1. A method for the detection of substances which can be coupled to the photosystem II as ligands, characterized in that a herbicide (optionally contained in a medium) is detected using quinonaldehyde using a detection method known per se which is based on competition, taking advantage of the competition between the herbicide and the quinonaldehyde against Photosystem II. 2. The method according to claim 1, characterized in that one the amount of quinonaldehyde, that of the amount of herbicide to be detected corresponds to luciferase, determined on the basis of the amount of light in a manner known per se in the presence of the amount of herbicide corresponding amount of quinonaldehyde generated. 3. The method according to claim 1 or 2, characterized in that

• a) has a herbicide act on photosystem II, to which quinonaldehyde is coupled, and has coupled quinonaldehyde displaced and, if appropriate,
• b) the amount of the herbicide which has displaced quinonaldehyde is determined on the basis of the amount of light which luciferase produces in a manner known per se in the presence of the displaced quinonaldehyde.

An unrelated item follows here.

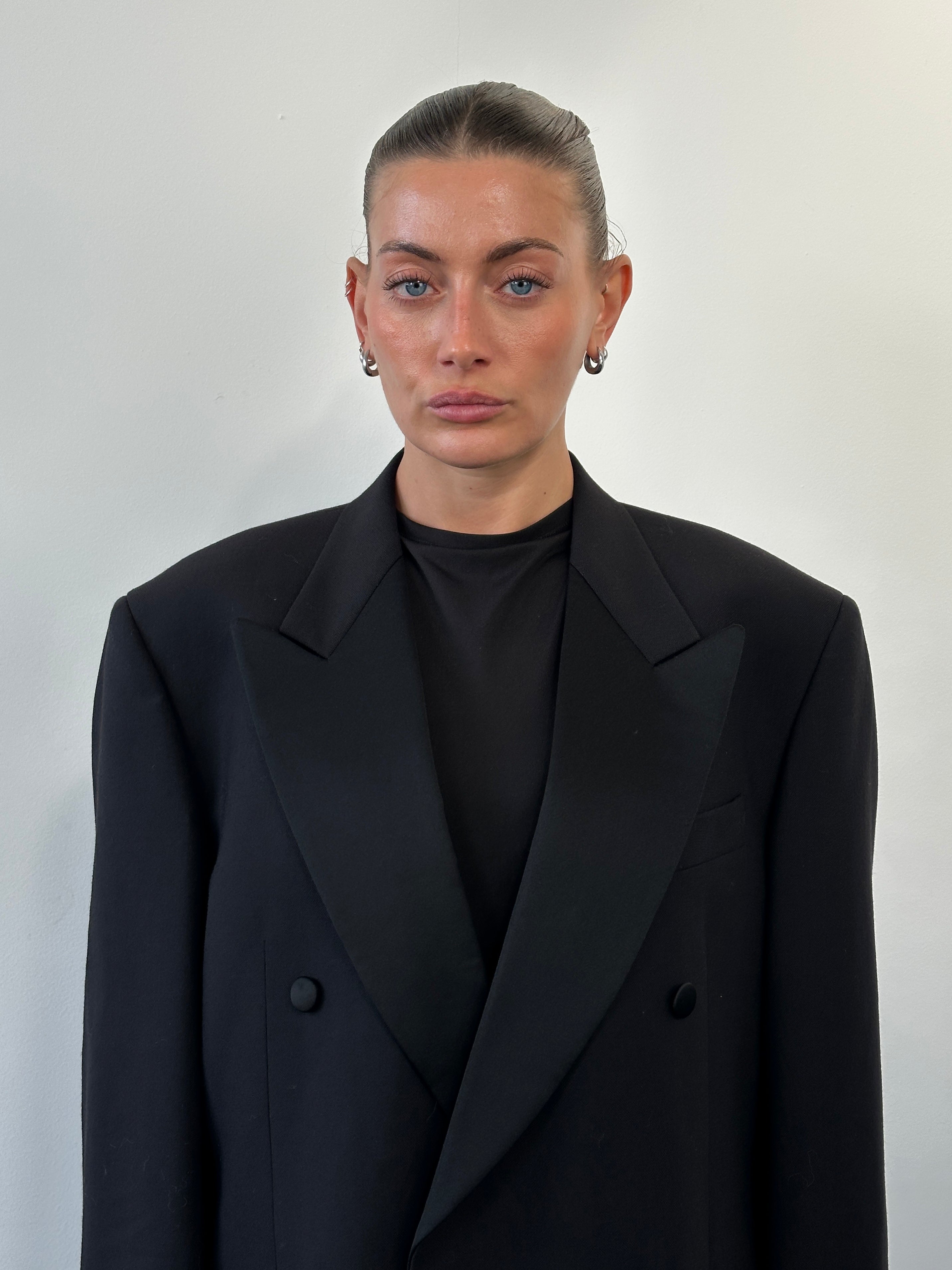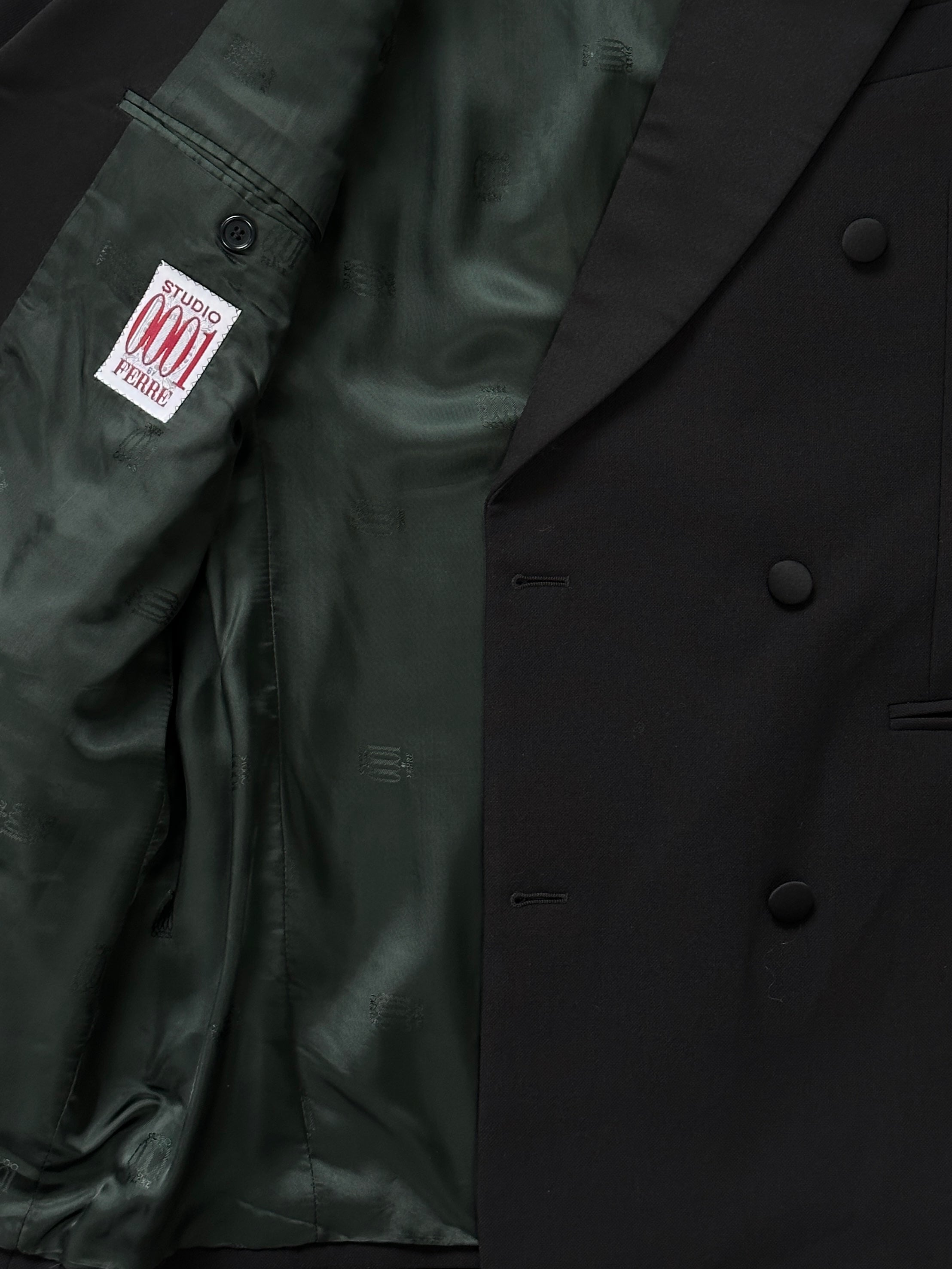A sculptural Gianfranco Ferré Studio 0001 double-breasted tuxedo blazer in classic black, designed with sharp peaked satin lapels and a formal tailored silhouette. Finished with a monogram-lined interior and a structured shoulder line. Offering strong crossover appeal for both menswear and womenswear styling.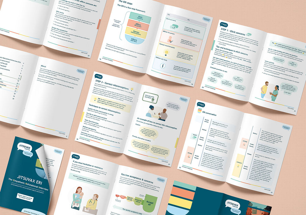 A social enterprise – JITSUVAX Training – was also born out of the project with the aim implementing the training developed by the project in a sustainable way. This also required a distinct brand identity and rebranded set of training and promotional materials.Developed the project's visual identity based on its existing logo and created a new set of corresponding diagrams. In careful consultation with the team, created a new set of illustrations to help explain key concepts, while avoiding inappropriate ('scary') imagery. Developed a new set of sympathetic character illustrations to accompany vaccine conversation dialogues. Designed a collection of training resources, including slides and handbooks.

4. The method according to any one of the preceding claims, characterized in that the process within the framework a flow injection analysis.   5. The method according to any one of the preceding claims, characterized in that the method with the help a biosensor and / or as a bioassay. 6. The method according to any one of the preceding claims, characterized in that the method using a Immunobiosensors and / or as homogeneous or heterogeneous Performs immunoassay.